**Exercise aim:**
Produce the lines from the one containing "HAGON Trail Shocks" through the end of the material exactly as they appear, both ends included, and leave the pictures out.

**Extracted records:**

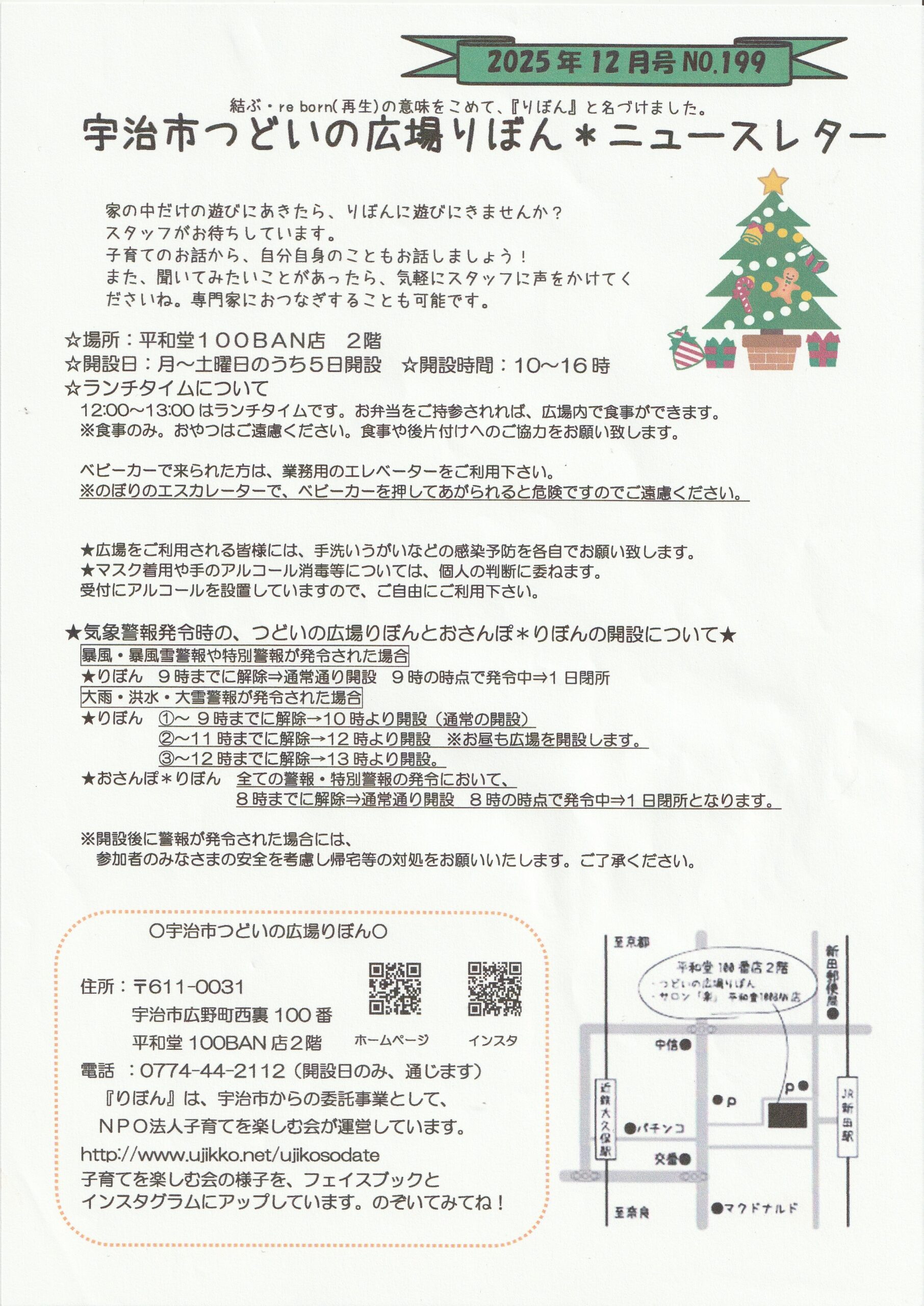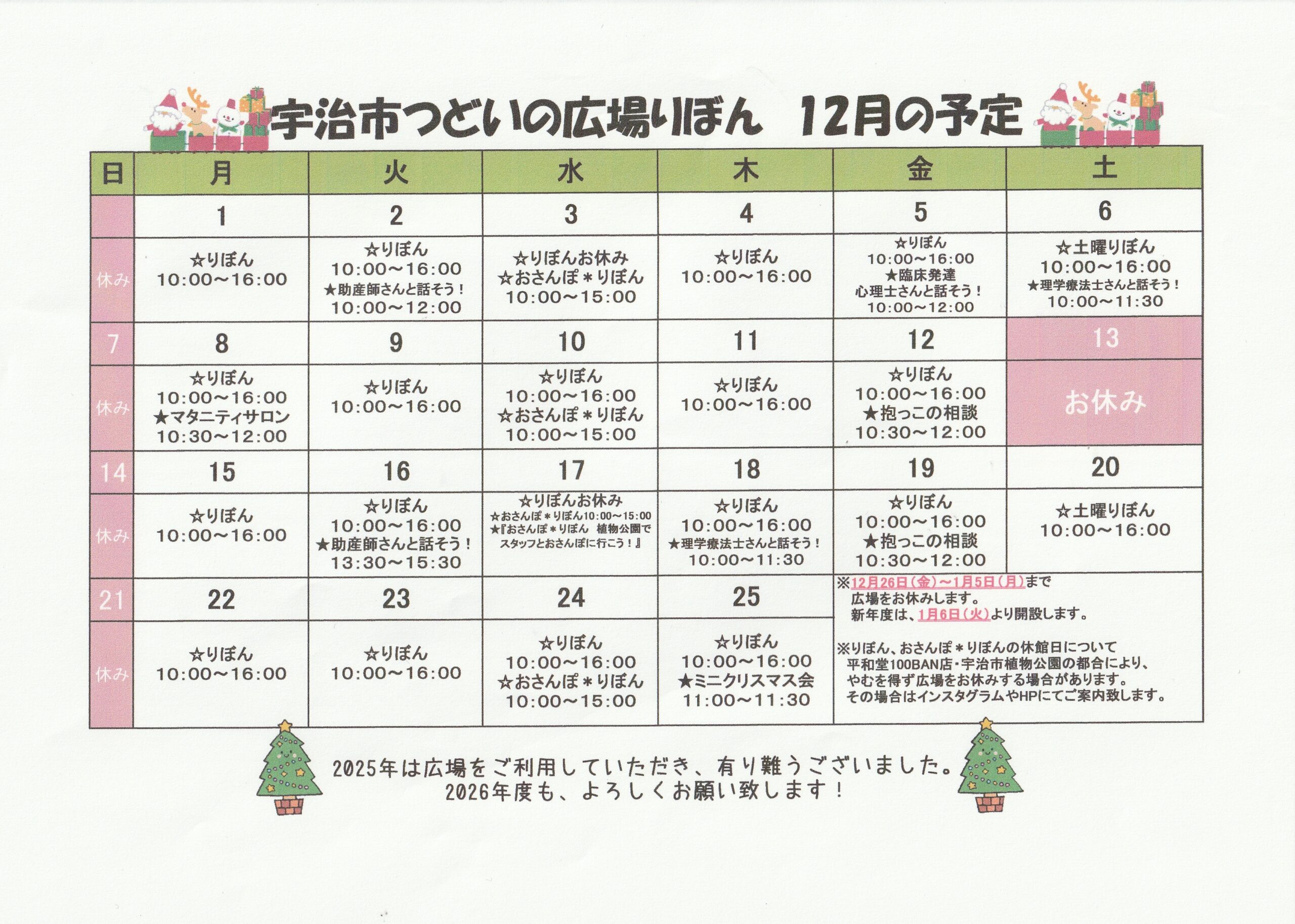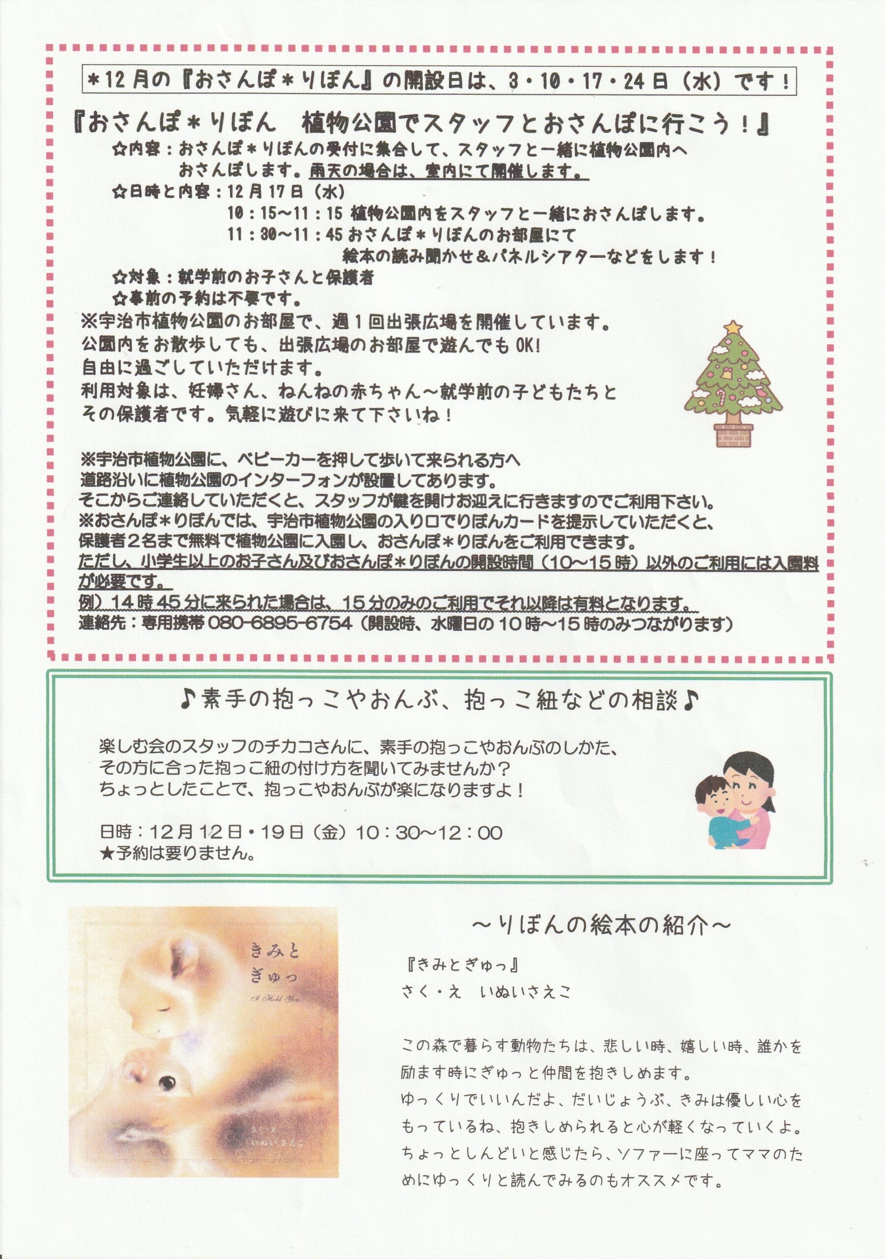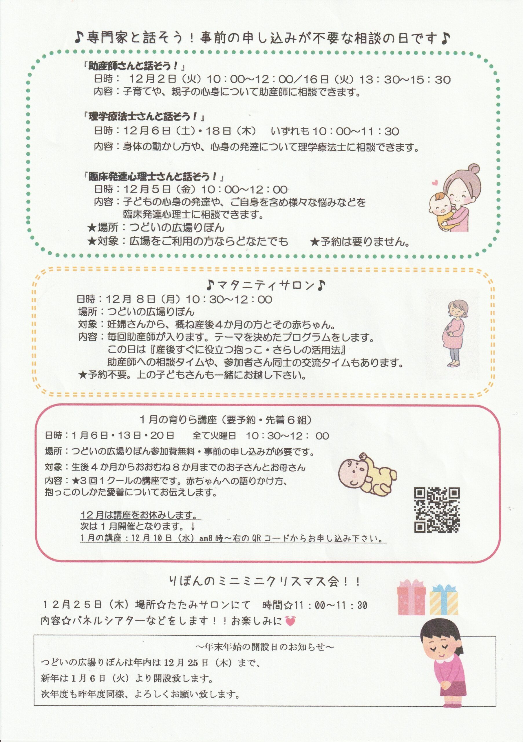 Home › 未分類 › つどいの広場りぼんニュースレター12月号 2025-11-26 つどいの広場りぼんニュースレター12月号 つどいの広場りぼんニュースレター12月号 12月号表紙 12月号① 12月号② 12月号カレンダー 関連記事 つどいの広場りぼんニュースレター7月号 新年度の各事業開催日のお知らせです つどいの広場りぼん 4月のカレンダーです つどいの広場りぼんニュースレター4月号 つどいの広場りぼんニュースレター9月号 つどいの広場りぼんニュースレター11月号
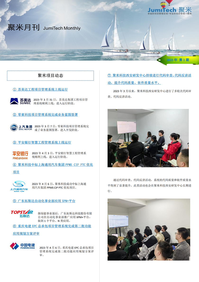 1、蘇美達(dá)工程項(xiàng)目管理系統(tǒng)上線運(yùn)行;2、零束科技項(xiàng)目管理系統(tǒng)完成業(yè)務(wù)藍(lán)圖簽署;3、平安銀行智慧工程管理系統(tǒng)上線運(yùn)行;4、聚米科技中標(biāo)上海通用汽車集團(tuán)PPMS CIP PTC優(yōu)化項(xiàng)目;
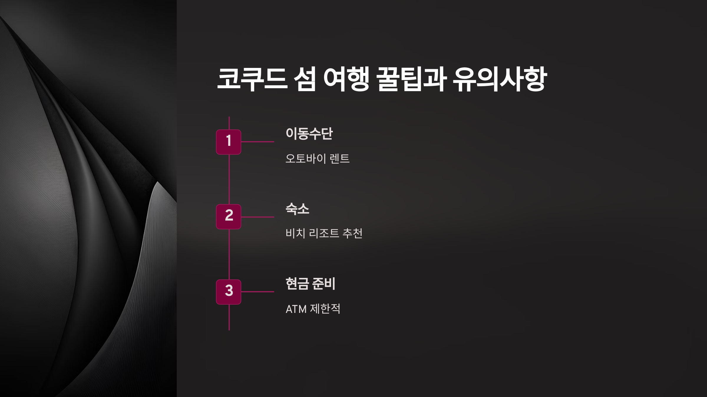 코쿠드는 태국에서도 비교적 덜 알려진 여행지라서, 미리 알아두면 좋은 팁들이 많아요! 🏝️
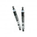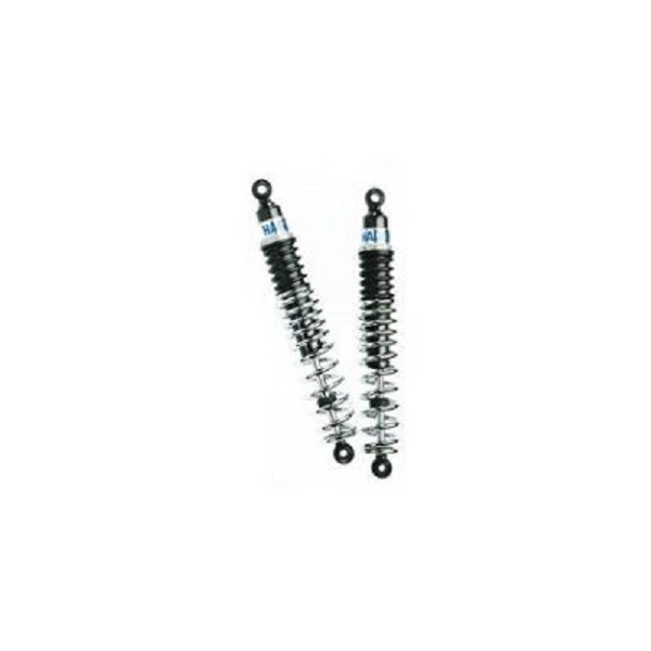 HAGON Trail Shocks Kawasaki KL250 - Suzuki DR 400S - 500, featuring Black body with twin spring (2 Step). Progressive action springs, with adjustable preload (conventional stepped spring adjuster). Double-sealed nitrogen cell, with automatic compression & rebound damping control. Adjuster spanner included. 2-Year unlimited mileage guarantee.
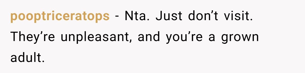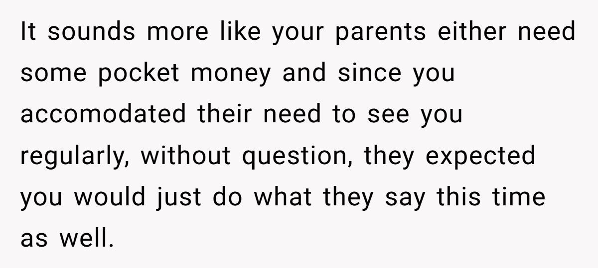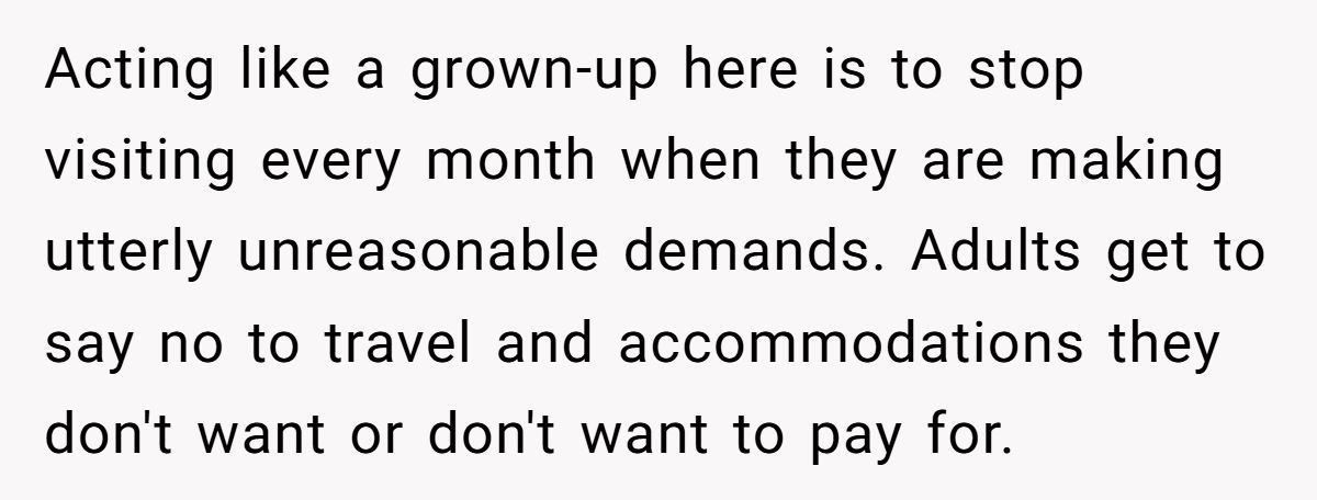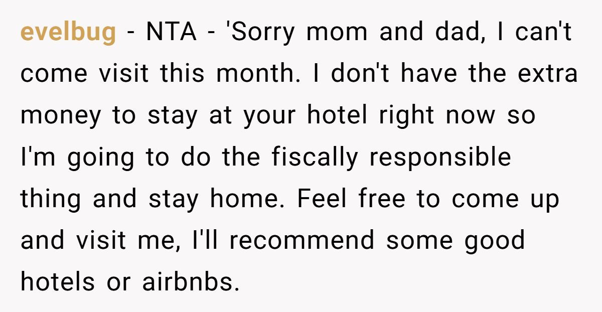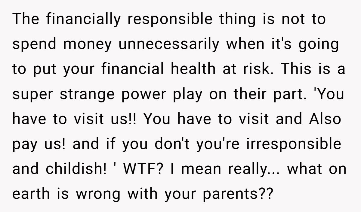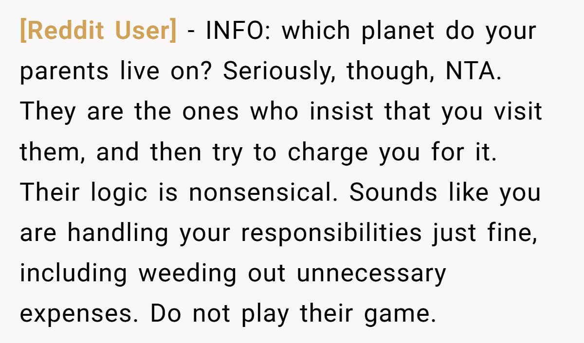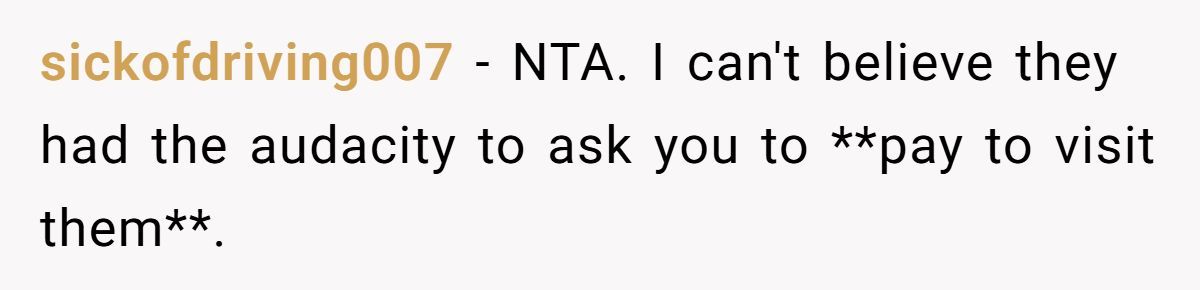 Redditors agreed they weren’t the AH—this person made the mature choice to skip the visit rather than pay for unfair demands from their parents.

**Your response:**
 HAGON Trail Shocks Kawasaki KL250 - Suzuki DR 400S - 500, featuring Black body with twin spring (2 Step). Progressive action springs, with adjustable preload (conventional stepped spring adjuster). Double-sealed nitrogen cell, with automatic compression & rebound damping control. Adjuster spanner included. 2-Year unlimited mileage guarantee.
 Redditors agreed they weren’t the AH—this person made the mature choice to skip the visit rather than pay for unfair demands from their parents.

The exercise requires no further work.